For one reason or another, with COVID the “public health” panickers who are always wrong finally got the society consuming panic they long wanted. An ethos of “if it saves one life” took off, ignoring the fact that every policy has other harms, and in this case often egregious harms with no meaningful benefits. Some governors reversed course “early,” while Kristi Noem was blocked from implementing many statewide policies by South Dakota’s legislature. In all those places things were fine despite intense doomsaying from the media and “experts.”
However, politicians clearly saw that since everyone was doing this, there would be few consequences for going along. Whereas, if they did nothing and things did turn out badly, they would be left without cover. In a strange turn of events, Belarus, which is practically still a Soviet country, was for a time one of the freest countries on earth after its leader Alexander Lukashenko mocked the virus and recommended drinking vodka at hockey games. His approach of doing nothing showed that nothing needed to be done while the rest of the world suffered.

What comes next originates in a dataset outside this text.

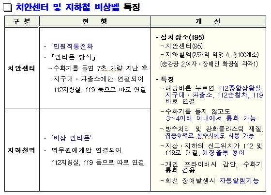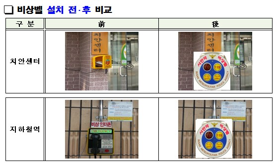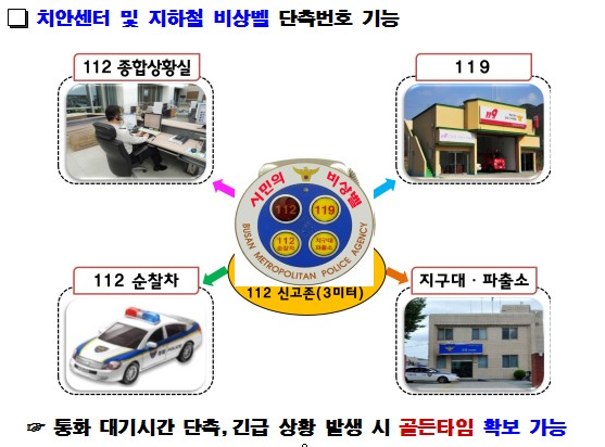 부산광역시(시장 서병수)와 부산지방경찰청(청장 이금형)에서는 지하철은 화재 등 각종 사건사고 발생 시 역무원과 연락할 수 있는 ‘비상인터폰’외에는 외부와 연락할 수 있는 긴급 통신수단이 없어 치안센터는 근무시간이 종료된 야간에 지구대나 파출소로만 연결되는 ‘민원직통전화’만으로는 위급 상황 시 즉시 경찰이나 소방의 도움을 받을 수 없다는 점을 착안하여『112종합상황실, 지구대․파출소, 112순찰차, 119』에 바로 연결되는 ‘비상벨’을 전국 최초로 개발 ,설치하여 부산시내 95개소 치안센터는 물론 부산교통공사측과 협의, 지하철 25개역 등 100개소를 포함, 총 200여 개소 설치․운용에 들어간다.

Machiavelli wrote in Discourses on Livy that when a problem arises in a state, internal or external, it is safer to delay dealing with it than to attack it. His justification is that, “almost always those who eliminate it only increase its strength and hasten the harm that is expected from it.”1[I.33] Admittedly, at other points in the text he does contradict this, and speak of the harms from delayed decisions and ambiguity. Still, he recognizes that when a problem is terrifying the public, ruinous decisions are made because “fear caused them to seek remedies, and the remedies they adopted hastened the downfall of their republic.”
There aren’t many notable examples of the good impact of delaying dealing with problems because they so commonly fade away and turn out to have been not so notable. One strong example from U.S. history is the Panic of 1819, which was the subject of libertarian theorist Murray Rothbard’s doctoral dissertation. In that instance, no one could agree on what to do, no major policies were passed, and without intervention, the economy recovered on its own and it’s now a mostly forgotten episode.
The world has been harmed countless times by the extraordinary bias for action that consumes the American public and government. Swarms of over-educated people in the scribbling class want to show that their specialties are useful, and this involves convincing the government to take strong action in the way they recommend. Unfortunately, our media class also loves active government and hates freedom. Combined, this creates a situation where politicians fear criticism for inaction and find it safer to cause harm by being wrong than to do nothing. Thus, they try to make hasty decisions and justify the inevitable negative consequences by citing their alleged good intentions and lack of knowledge when they were “forced” to decide. In reality, in any logical decision making process inaction needs to be seriously considered as an option and not just a way to invent theoretical horror stories of what could happen without a strong government response. The worst blunders of our government have all been related to the need to “do something.” It is long past time that more of our politicians have the courage to look at a difficult problem with no good solutions, sit down, and do nothing.